Now, let us come to how we can actually represent the data that is being represented here. Notwithstanding the clustering, how do we we represent “pass data”, or any other data where each data point moves from one place to another? We had seen in an earlier edition that restricting the number of data points shown helped Kirk Goldsberry draw rather elegant basketball shot maps.
A football pass (or even a shot) varies from a basketball shot in that both start and end points are variable here. So we will need to draw lines here; just starting points won’t do. Rather, just starting or ending points can be useful in certain kinds of analyses, but when you are trying to analyse groups of passes, and trying to draw patterns between them, you need lines.
You might recognise that the problem here is rather similar to what we had seen last week with Monte Carlo simulations.
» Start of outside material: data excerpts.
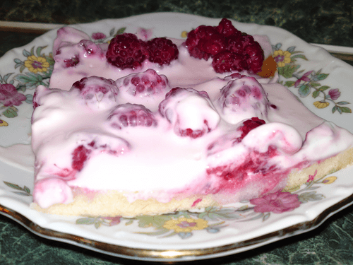 На готовый корж положить малину и залить сметаной. Убрать в холод на пару часов.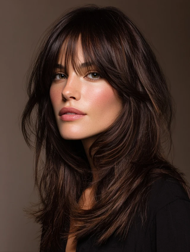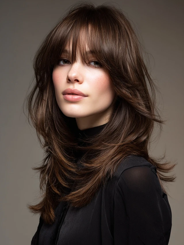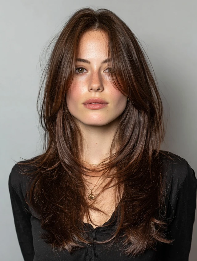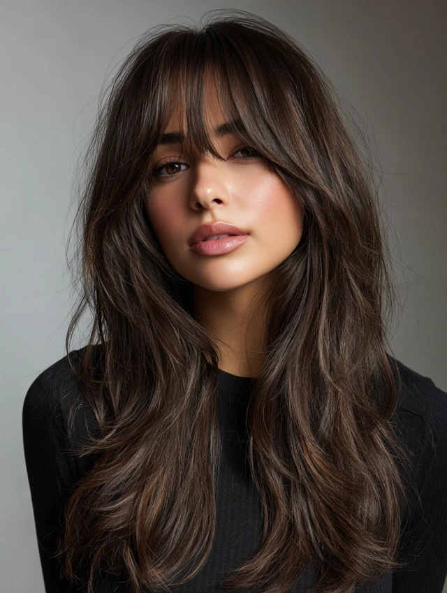 This cut features long layers with curtain bangs that frame the face softly. The layers add movement and prevent long hair from looking flat.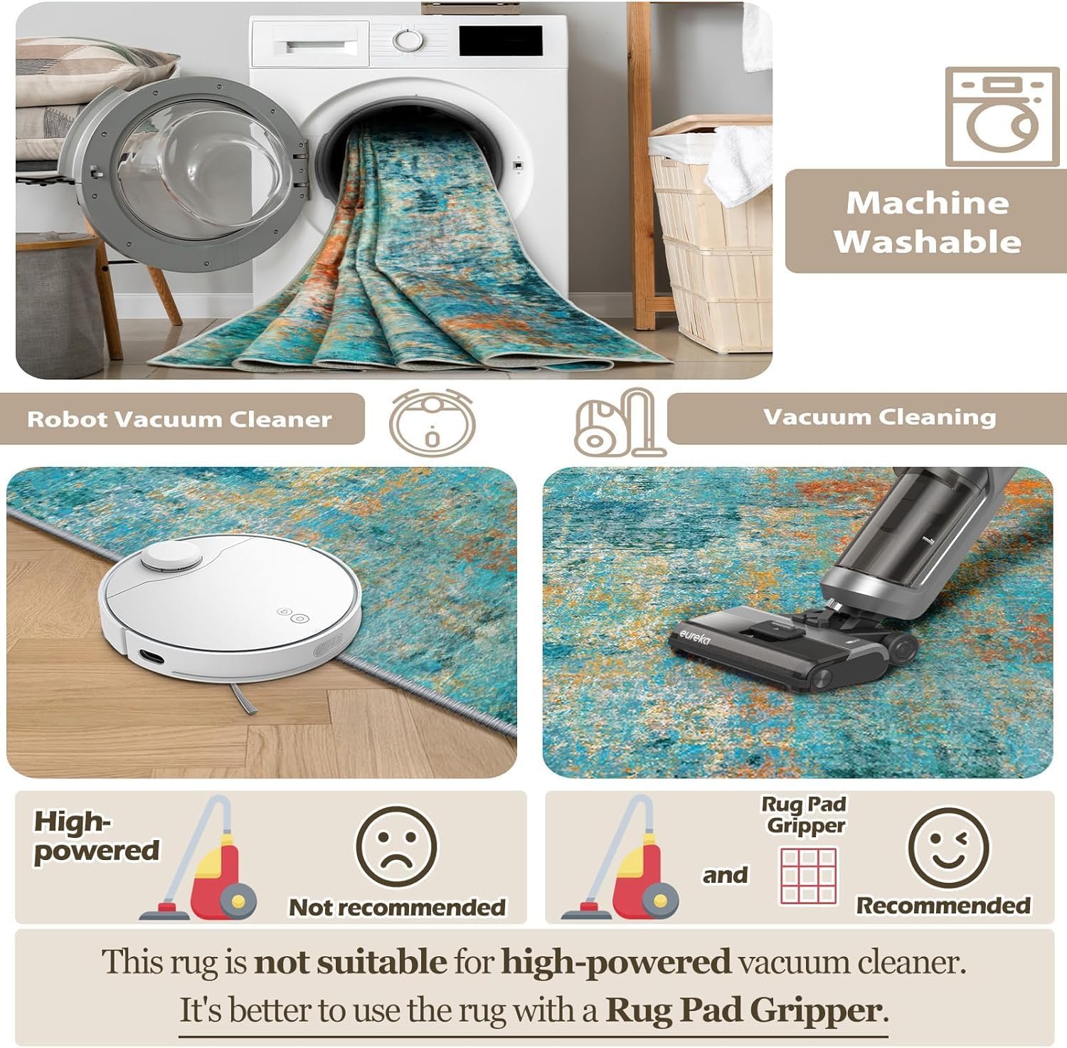 Washable Area Rugs 8ft Non-Slip Modern Abstract Soft for Living Room Entryway Bedroom Nursery, Print Pattern, Teal Blue Green Orange Rust Red Colorful
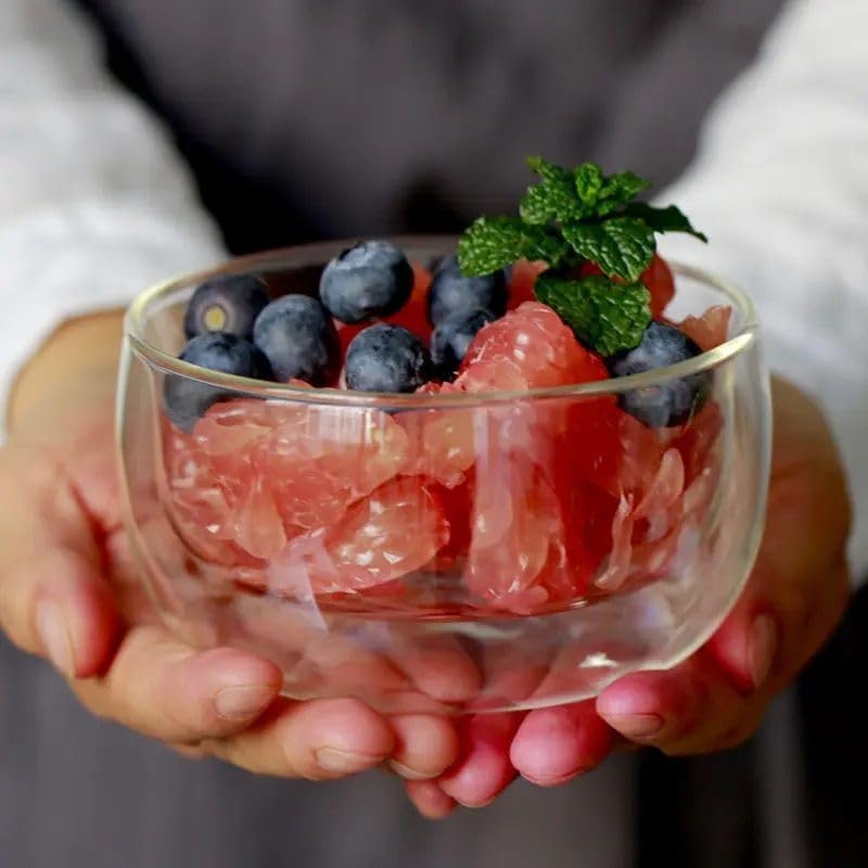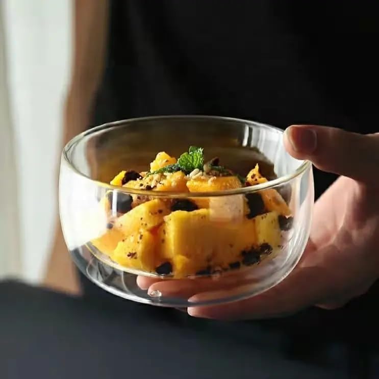 H-Home - وعاء زجاجي شفاف مقاوم للحرارة بجدار مزدوج لسلطة الفواكه والايس كريم - (450 مل)، عدد القطع: 1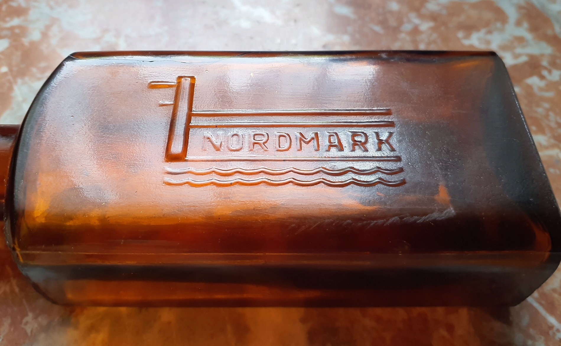 buteleczki apteczne firmy NORDMARK , wszystko oryginalne przedwojenne znaleziska., duża ma poj. ok. 0.3L i ma 5-cio milimetrowy odprysk na rancie, zaznaczony strzałką , pozostałe buteleczki ładne, każda jest inna - poj. ok. 50 ml., stany takie jak widoczne na zdjęciach.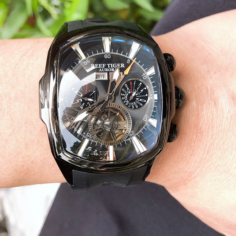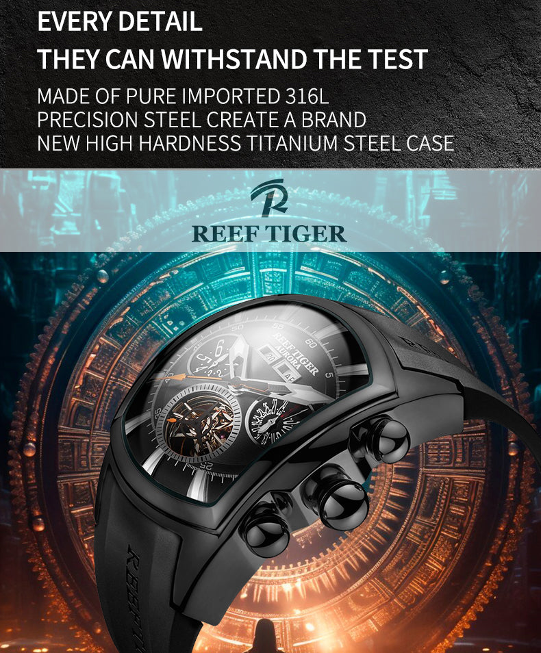 Dial Design: Black Dial & Watch face is designed with year, month, date, day, white luminous hands display & tourbillon style dial.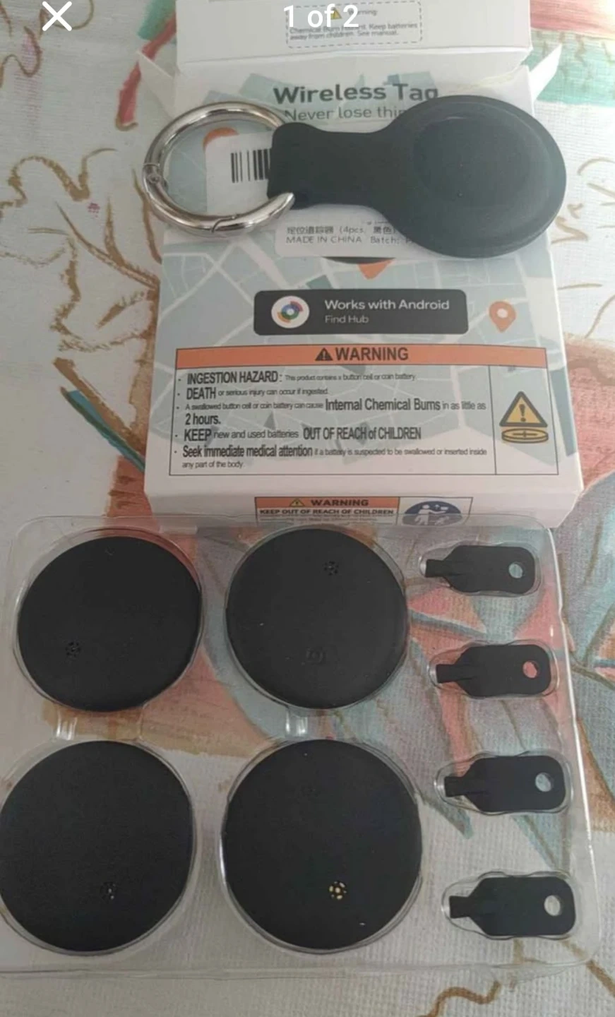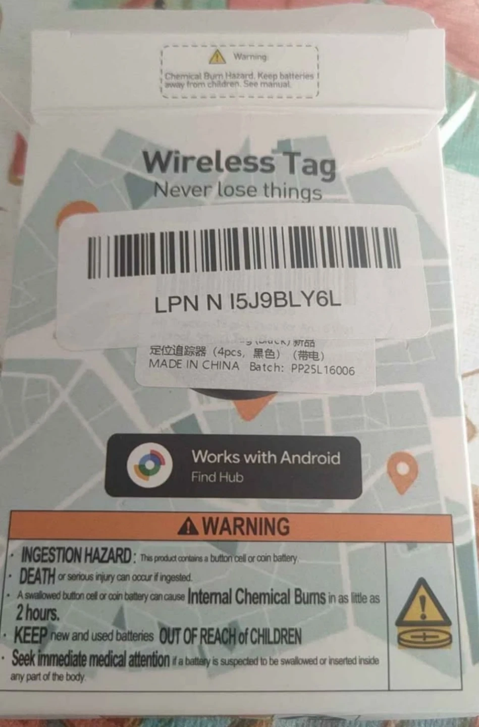 Never lose your things with this wireless tag tracker. It works with Android Find Hub. Includes 4 tags and 4 accessories for attachment. Keep new and used batteries out of reach of children.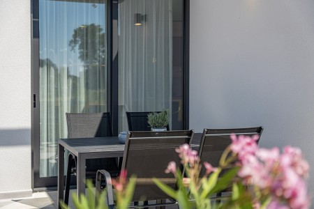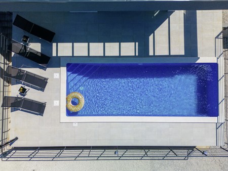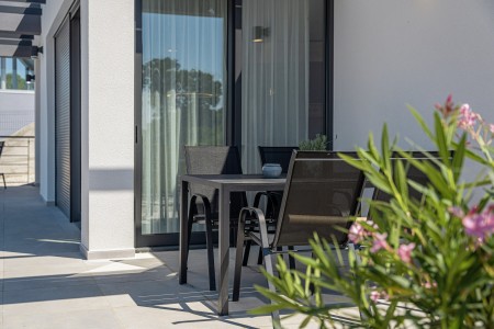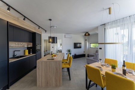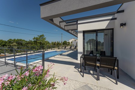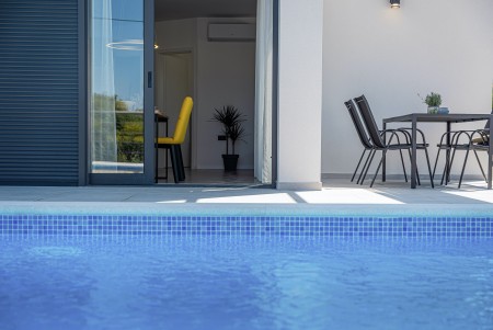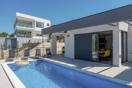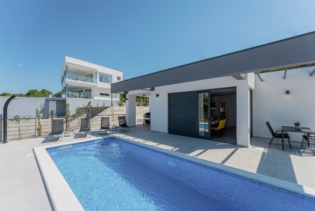Prizemna dizajnerska kuća s 2 spavaće sobe, terasom i privatnim bazenom, samo 1,5 km do mora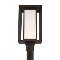 Paxton Black Integrated LED Outdoor Post with White Panel Glass Shade by GLUCKSTEINELEMENTS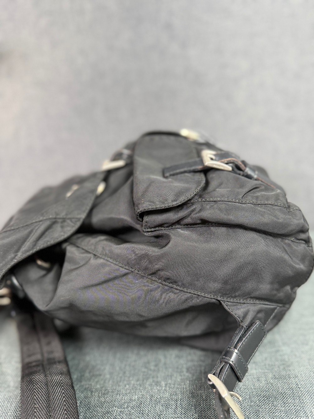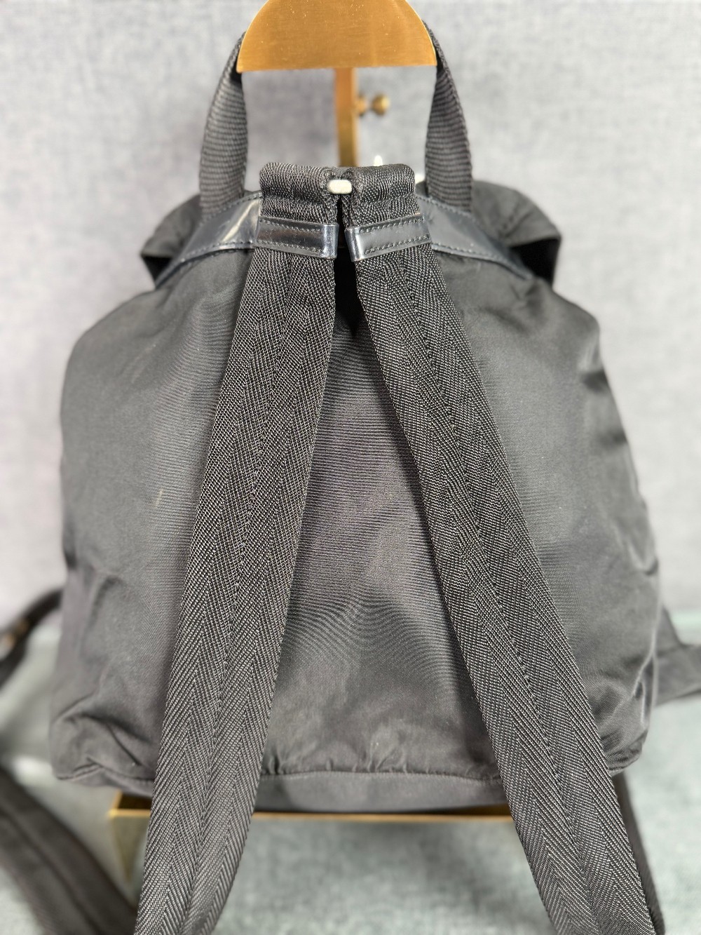 This is an authentic PRADA Tessuto Nylon Small Backpack in Black. This backpack is crafted of black nylon with black saffiano leather accents. It features front bucket pockets with functional buckles and magnetic snap closure, fabric top grip, and adjustable black nylon shoulder straps. The crossover flap opens with a function buckle, magnet, and top drawstring to a black Prada logo jacquard fabric interior with a patch pocket and zippered pocket.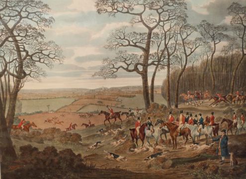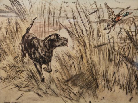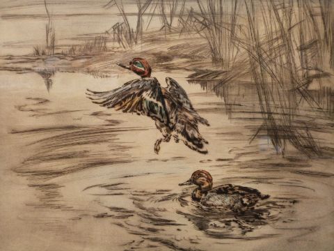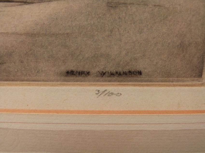 Henry Wilkinson pair of signed limited edition (59/100 and 3/100) coloured etchings of ducks, each 27 x 31cm, and a hunting print dated 1831, 48 x 64cm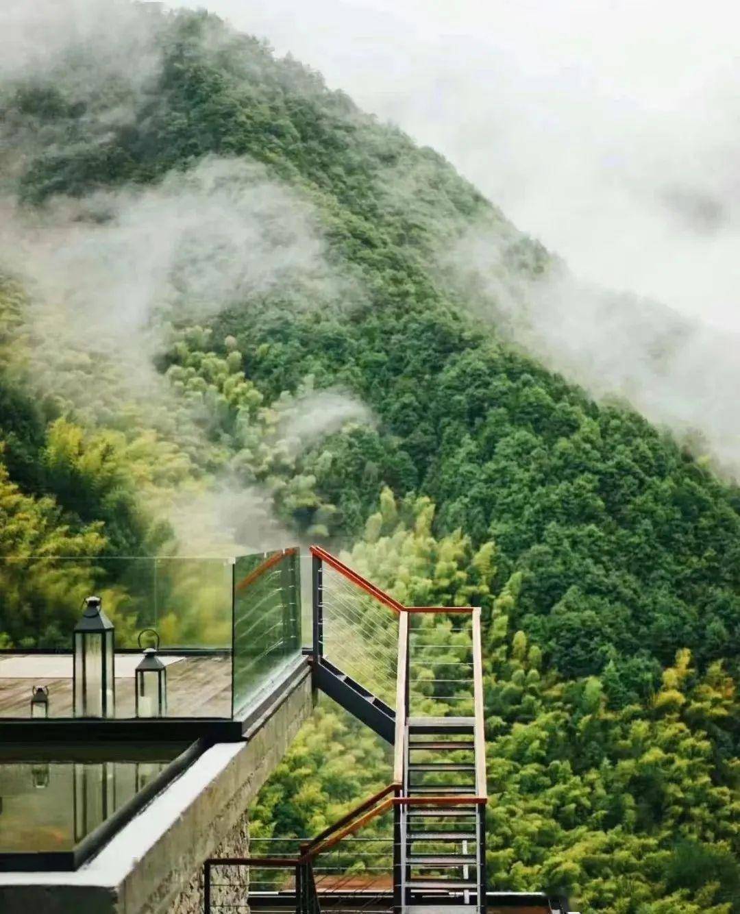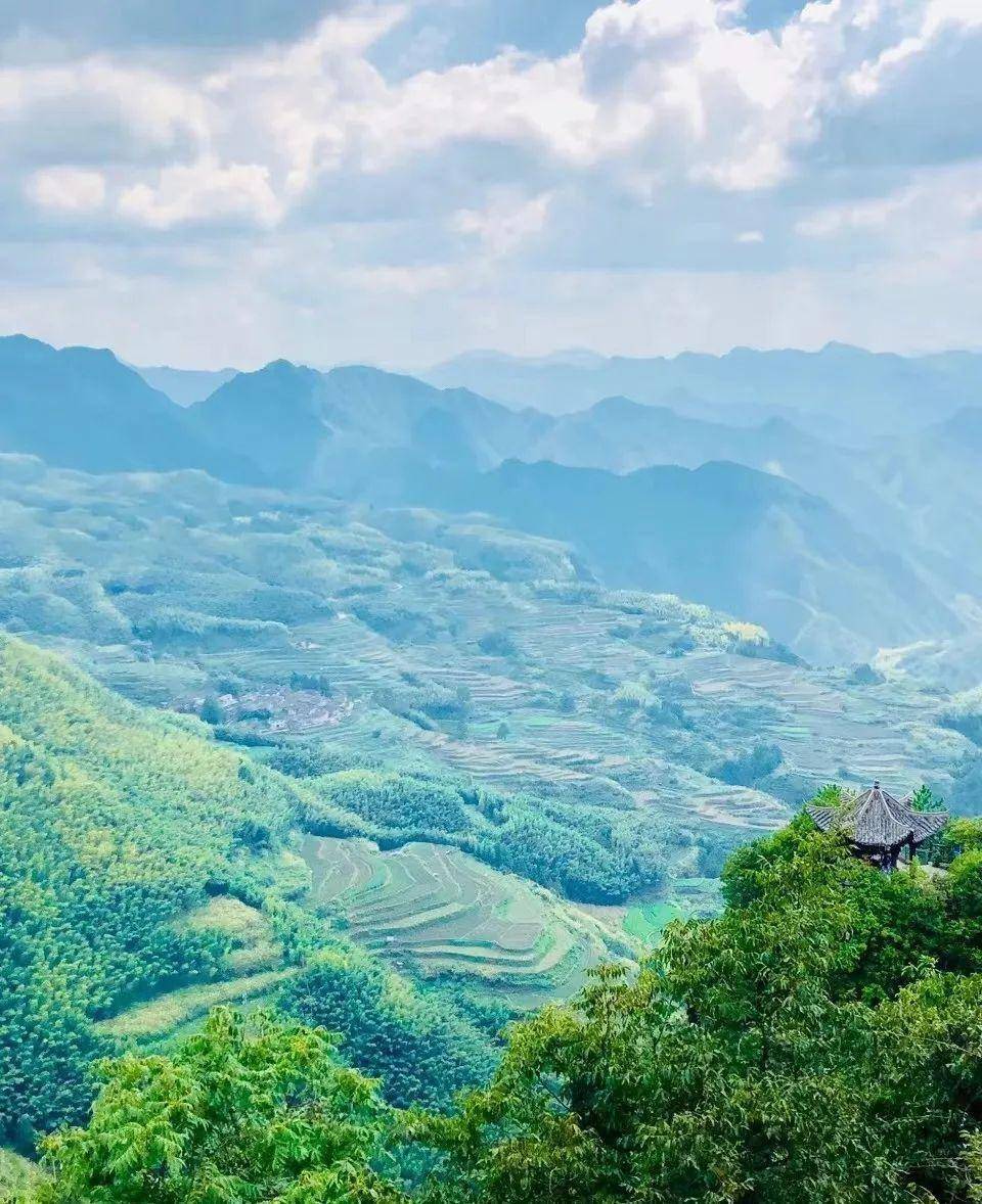 沿着盘山公路蜿蜒而上,入目尽是葱葱茏茏的林木和竹海,时而会有云雾翻涌,时而又是豁然开朗。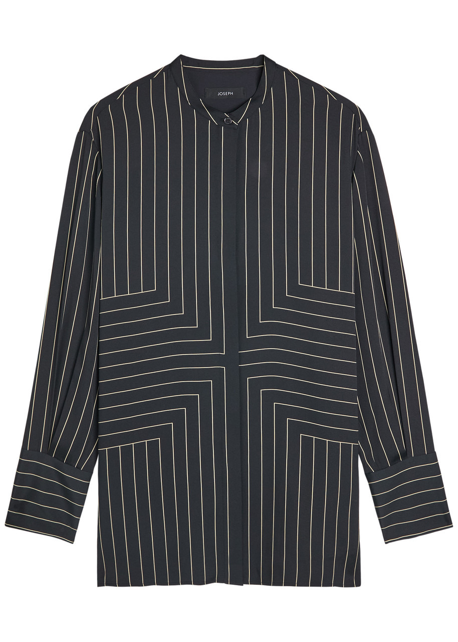 Info & Care Joseph;silk-blend;blouse Geometric striped print, button-fastening cuffs with inverted pleat, side splits Concealed button fastenings through front 50%;silk, 41% viscose, 9% elastane Dry clean Coordinating items available Size & Fit Length shoulder to hem: 29 inches/ 73.5cm Midweight Loose fit Model is 5'8"/ 173cm and wears a size;FR36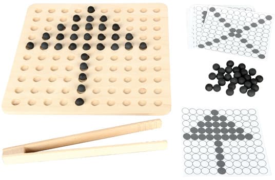 Ćwiczenia lewopółkulowe to grupa ćwiczeń polegająca na stymulowaniu lewej półkuli mózgu, która: analizuje, przetwarza linearnie, porządkuje sekwencyjnie, wykrywa relacje. Układanka polega na ułożeniu za pomocą szczypiec drewnianych kulek zgodnie z wzorem podanym na obrazku, na drewnianej tabliczce. Kontrastowe kolory przykuwają uwagę dziecka, a sposób układania zachęca do działania. Układanka doskonale ćwiczy sprawność ręki, prawidłowy chwyt oraz koordynację wzrokowo-ruchową. Układanie wzorów stymuluje rozwój pamięci i percepcji wzrokowej, umiejętność postrzegania przedmiotów w przestrzeni oraz postrzegania relacji przestrzennych. Układanka doskonale sprawdzi się w pracy z dziećmi wymagającymi ćwiczeń percepcyjnych i koordynacyjnych – z uczniami z zaburzeniami procesów uczenia się (dysleksja, dysgrafia, dysortografia), z zaburzeniami koncentracji uwagi, autyzmem i zespołem Aspergera.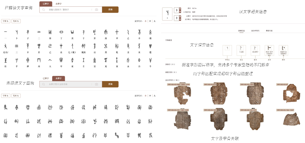 平台还整合了现有字形数据资源,建立了全球最大的甲骨文单字数据库,覆盖143万甲骨文单字,为专家学者和爱好者提供了强大的文字智能搜索工具。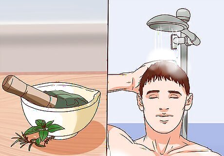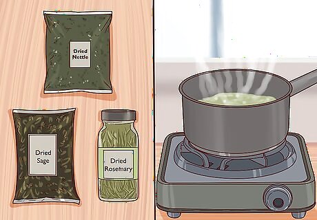 Blend grey hairs with sage. Add to a small pot one tablespoon (15 grams) each of fresh or dried rosemary, nettle, and sage. Add two cups (16 ounces) of water and bring to a boil over medium heat. When it’s boiling, continue simmering for 30 minutes, and then remove it from the heat to cool. When the mixture has boiled and cooled to room temperature, strain out the herbs and transfer the infused water to a spray bottle. Spray the herb water on your hair after every shower, comb it through your hair, and style as usual. The sage will help cover greys, the rosemary will give your hair a nice shine, and the nettles are a great restorative.
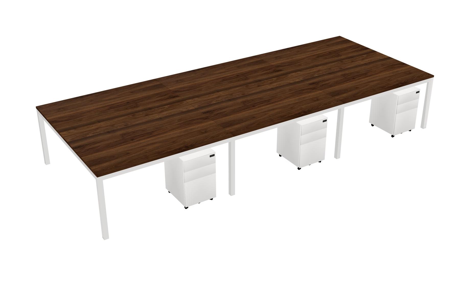 Columbia Walnut Shared Rectangular Office Desk With Metal Mobile Drawers For 6 Persons

Like a large number of simulations there, here we need to represent a large number of passes (basically lines with start and end points in a given rectangle), in a way that overall trends can be seen while not obscuring individual data points.
The graphs given above give equal weight to each pass, and the overall trend is not drawn, even within cluster. Since Worville hasn’t really shown what each cluster represents, it is difficult to compare the clusters across players as well (he has a line in his analysis that shows that one kind of ball that Salah receives is similar to the kind of pass that Mané makes, but that is difficult to fathom that from the data presented).
I can think of possibly two ways to represent this data efficiently. Both of them use what I call as “major and minor” communication. I don’t have the data that Worville used to make these graphs, but StatsBomb made pass-by-pass data for the 2018 World Cup public (I had downloaded it back then), so I used that to make a map of Alisson’s passes during that tournament (he made a total of 168 passes, so the graph isn’t really THAT dense).
(Hearty thanks to the ggsoccer package for code for drawing a football pitch)
The first way is simple enough. Represent each pass by a rather thin line, which can easily be missed on the first look of the graph. Draw one thick line for each cluster of passes (I used pass start and end location for Alisson in the World Cup to do a quick k-means clustering with 5 clusters. I’m not sure if Worville used the same algorithm for his clusters).
The advantage of using both thick and thin lines is that the overall pattern of passing is quickly visible (you can think of the thick red lines as the dots in Kirk Goldberry’s shot map), and the detail is available for the reader who is especially interested. The thing to take care of here is that the size of the thin lines be varied based on the number of such lines.
The other method is a version of what Worville has made - using small multiples to show passes in each cluster separately, but to continue to use the thin line - thick line combination. I decided to try this with a denser data set, using passes by all goalkeepers in the 2018 WC, rather than just by Alisson. This is what it looks like (I made 6 clusters here for the sake of symmetry).
The colours here are strictly optional. What matters here is to have the thin lines and the thick line in different colours. Again, notice that each data point is available for closer inspection, but the overall trends are clearly visible in one view.
I’ve used an example here from football here, but this method of using thin and thick lines can be used to represent other kind of “line data” (or “flow data”) as well. For example, to show movement of people, we could use this combination of thin and thick lines (rather than “Sankey diagrams”). In fact, any data that shows movement on a two-dimensional surface over time can be represented using this kind of thin-line thick-line format.